Von Benedetto Vigne
14.10.2017 / Tages Anzeiger
Zürich, Theater Gessnerallee – Am Anfang war ein Musikvideo von 1959. Der US-Komponist John Cage führt darin eines seiner famosen Stücke auf, „Water Walk“, ein vornehmlich auf Haushaltsgeräten gespieltes Geräuschemenuett, wobei einem Dampfkochtopf eine tragende Rolle zufällt. Eine Schar Teenager, Flüchtlinge aus Syrien, Afghanistan, dem Sudan, die in einem Auffangheim in Athen leben, sehen das Video und möchten Cages Stück live nachspielen und nach Europa bringen. Da ihnen aber die Weiterreise verwehrt wird, schicken sie es als interaktive Performance herum, in der sie die jeweilige Spielanleitungen sprechen; das Publikum soll nun an ihrer Stelle Cages Stücklein aufführen.

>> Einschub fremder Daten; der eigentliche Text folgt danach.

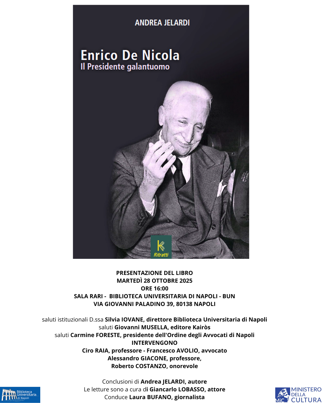 Per la commemorazione  del 65° anno dalla morte di Enrico De Nicola, avvenuta il 1 ottobre 1959, Martedì 28 ottobre 2025, presso la Sala Rari della Biblioteca Universitaria, via Giovanni Paladino, 39 – Napoli, ci sarà la presentazione dell’opera “Enrico De Nicola” Il Presidente galantuomo. di Andrea Jelardi – Kairos Edizioni.
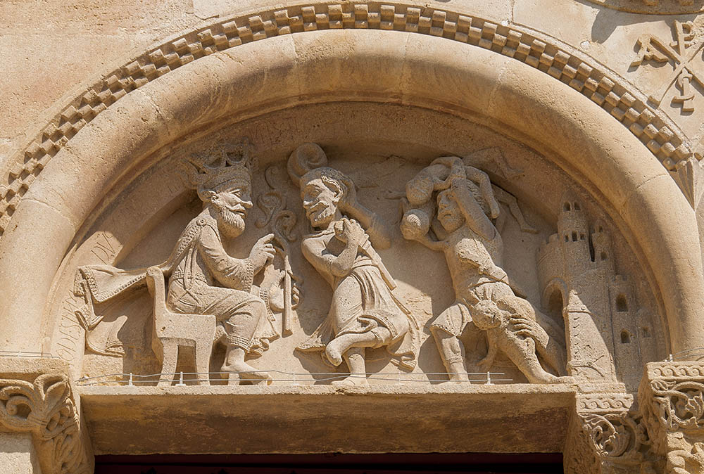 La iglesia de Sta. Fe de Morlaas es sorprendente por un doble motivo. De la iglesia original del s. XII sólo queda la fachada, pero ésta, además, guarda otra originalidad: y es un tímpano doble enmarcado bajo las seis imponentes arquivoltas, del que aquí se muestra la parte izquierda, que tampoco es muy habitual con su temática, como es la Matanza de los Inocentes. Con gran economía de medios, como es habitual en el románico, sólo el rey Herodes, dos esbirros y tres niños portados por uno de ellos. Aunque lo más dramático sea la mano que surge e la edificación intentando que no se lleven al niño inferior. Mínima edición
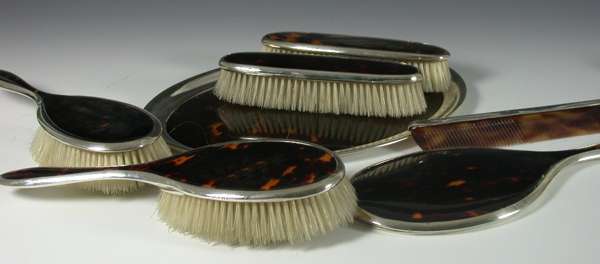 London 1913, maker's mark of William Comyns, comprising: hand mirror, two hairbrushes, 2 clothes brushes, comb and oval tray
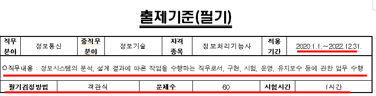 정보시스템 분석 설계 결과에 따른 작업을 수행하는 직무 구현 시험 등 다방면에 가는 업무 수행에 대한 능력을 필기시험에서 이론상 자르고 있습니다. 객관식 시험이고 문제에서는 60항입니다. 시험시간은 1시간이며 공 불고 구매하셨다면 무조건 시간이 아니니라 판단됩니다.
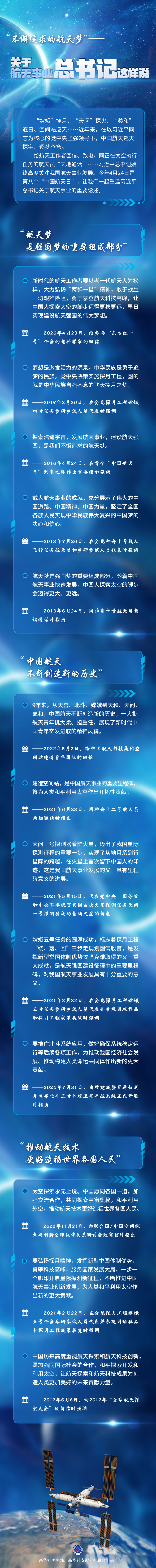 給航天工作者回信、致電,同正在太空?qǐng)?zhí)行任務(wù)的航天員“天地通話”……習(xí)近平總書記始終高度關(guān)注我國航天事業(yè)發(fā)展。今年4月24日是第八個(gè)“中國航天日”,讓我們一起重溫習(xí)近平總書記關(guān)于航天事業(yè)的重要論述。
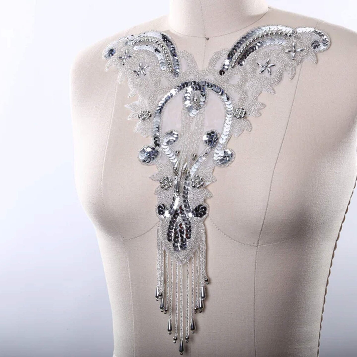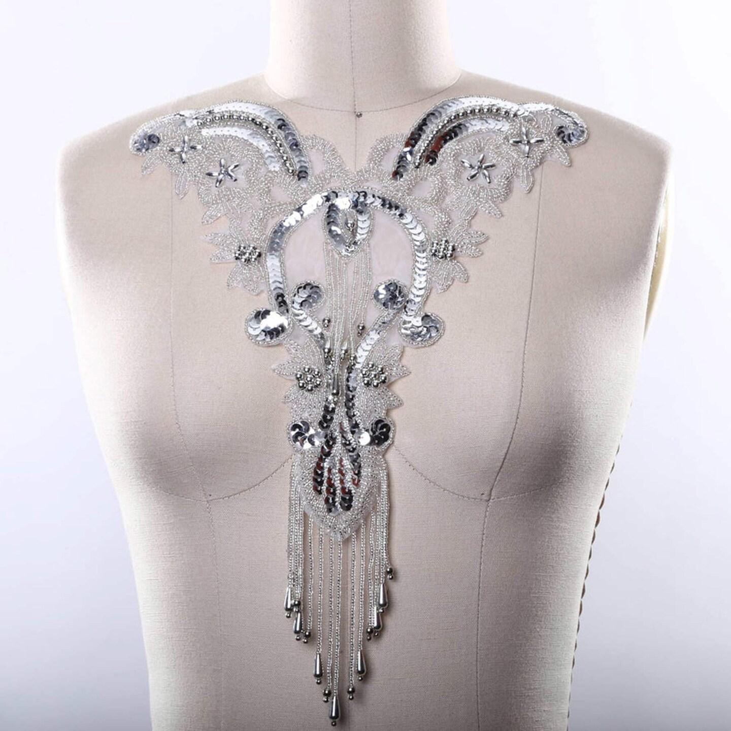 Silver Oversized Beaded Neckline Applique for Gowns Fringe Trim Hot Fix Iron On Patch

So weit das Setting zum Stück „Evros Walk Water 1&2“ von Rimini Protokoll, das ursprünglich in einem Athener Kulturzentrum entstanden ist. Das deutsch-schweizerische Kollektiv setzt dem Publikum individuell angesteuerte Kopfhörer auf und lässt es in einer Art Spielwiese agieren, deren grüner Teppich Europas Silhouette nachzeichnet. Zwischen den Anleitungen erzählen die Flüchtlinge ausgiebig von ihren Erlebnissen in ihrer versehrten Heimat, auf der mühseligen Flucht, beim Überqueren des türkisch-griechischen Grenzflusses Evros, in den Auffangheimen Athens, beim Heranwachsen in europäischen Städten. Und sie erzäjlen das meist in perfektem Griechisch (!), simultan auf Deutsch nachgesprochen von Schülern aus dem St. Galler Rheintal.
Die Betroffenheit allerdings hält sich in Grenzen, zumal man als Zuhörer vollends damit beschäftigt ist, ja keine Anleitung zum Agieren oder zum Weiterwandern an die nächste der rund 20 Spielpositionen zu verpassen. So bleibt das Stück vor allem eine amüsante kleine Geräuschorgie in mehr oder weniger starker Gemeinsamkeit, wie immer bei den Riminis kongenial elektronisch-digital per Kopfhörer dirigiert.
Gleich viermal ertönt so Cages Stück in Variationen, eingeleitet vom Zerplatzen eines aufgeblasenen Papiersacks und weitergeführt von einem quietschenden Plastikfisch. Die Kette rasselt um das Kaminrohr, das Paddel trommelt auf das Schlauchboot. Die Schöpfkelle schlägt den Gong. Die Blumenvase landet im mit Wasser gefüllten Boot, die Wasserkanne giesst nach. Die Réceptionsglocke bimmelt. Der Bierflaschendeckel rülpst. Das Hackbrett dengelt und das Keyboard wimmert. Aus dem Blaster das alpine Kuhgeglöcke und aus dem Megafon das Genöhle des Muezzins. Alles im Timing, alles im Takt.
Zum Abschluss darf die abgezählte Publikumsgruppe nach Herzenslust rumpeln und rasseln. Tutti con brio. Es hätte John Cage gefallen. Und den jungen Flüchtlingen in Athen erst recht.